• _Your assignment_
Exercise in exact copying: restate word for word only the lines below from the one containing "Complex logos are" through the one containing "The application allows", omitting any pictures.

• _Provided data_
- Opening Delimiter -

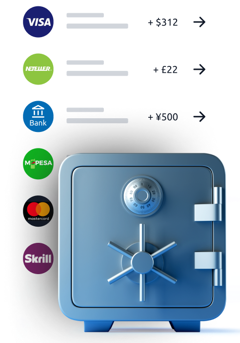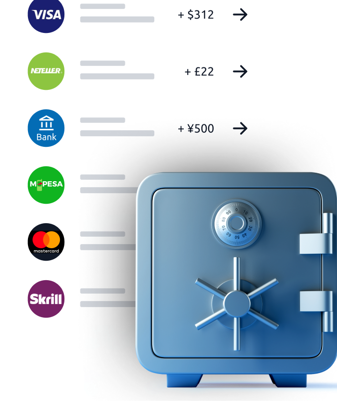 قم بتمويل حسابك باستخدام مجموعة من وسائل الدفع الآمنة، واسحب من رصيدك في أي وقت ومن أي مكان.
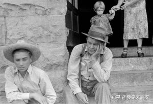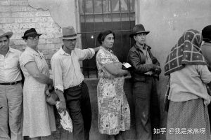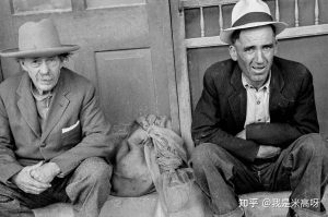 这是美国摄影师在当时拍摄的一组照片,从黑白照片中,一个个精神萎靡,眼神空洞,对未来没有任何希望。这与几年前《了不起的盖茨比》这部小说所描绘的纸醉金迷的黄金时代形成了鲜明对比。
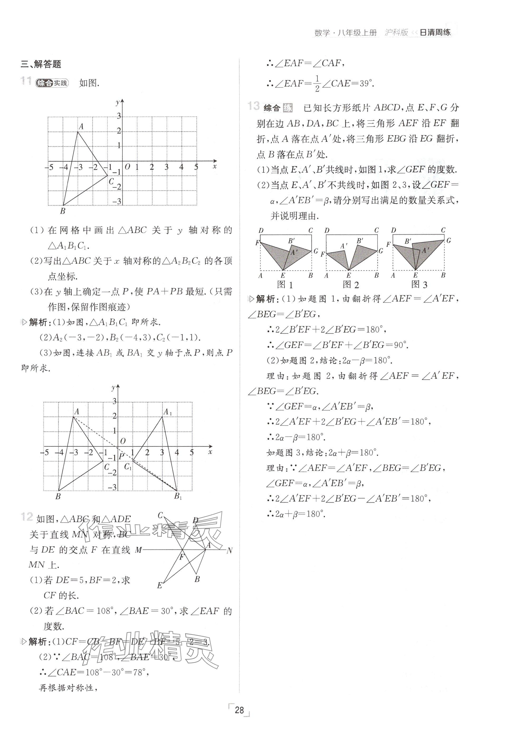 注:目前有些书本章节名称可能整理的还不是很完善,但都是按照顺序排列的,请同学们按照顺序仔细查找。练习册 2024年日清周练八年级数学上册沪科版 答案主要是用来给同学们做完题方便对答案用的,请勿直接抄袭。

- Closing Delimiter -
- Opening Delimiter -

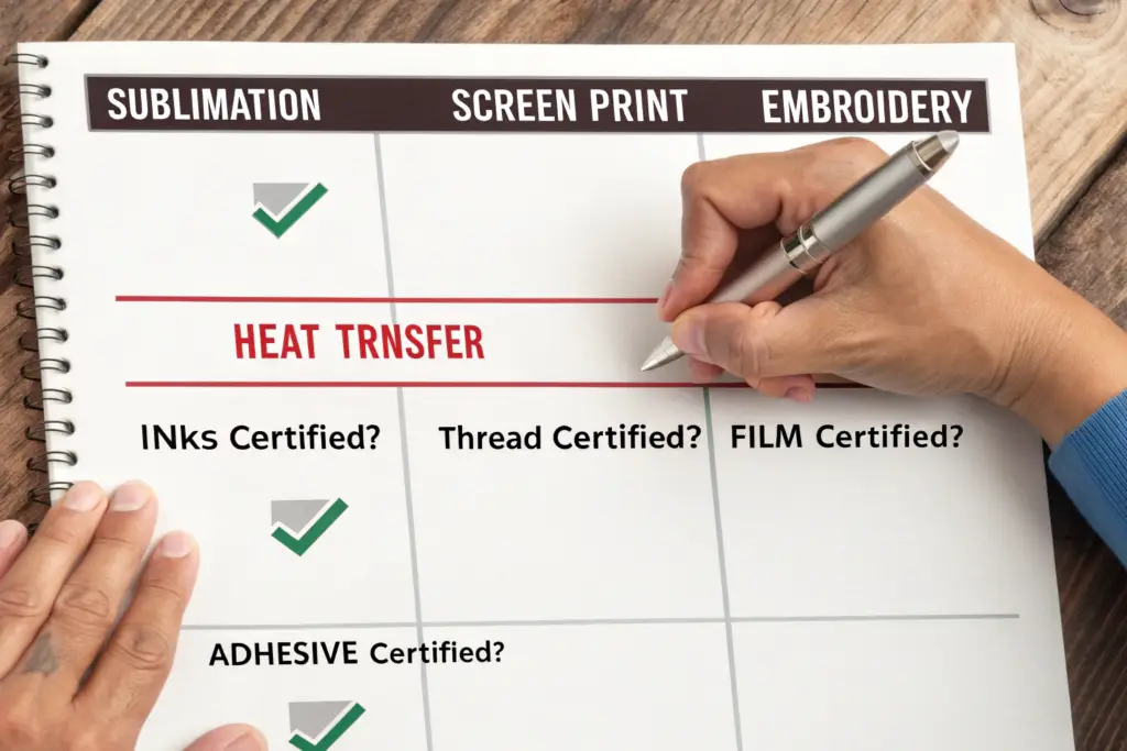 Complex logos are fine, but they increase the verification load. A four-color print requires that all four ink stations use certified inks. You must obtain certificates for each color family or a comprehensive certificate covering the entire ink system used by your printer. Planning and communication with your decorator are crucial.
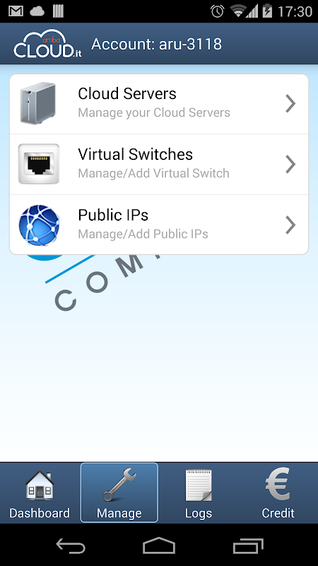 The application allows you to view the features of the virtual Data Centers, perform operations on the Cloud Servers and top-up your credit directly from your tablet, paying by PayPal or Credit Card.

- Closing Delimiter -

• _Exercise result_
 Complex logos are fine, but they increase the verification load. A four-color print requires that all four ink stations use certified inks. You must obtain certificates for each color family or a comprehensive certificate covering the entire ink system used by your printer. Planning and communication with your decorator are crucial.
 The application allows you to view the features of the virtual Data Centers, perform operations on the Cloud Servers and top-up your credit directly from your tablet, paying by PayPal or Credit Card.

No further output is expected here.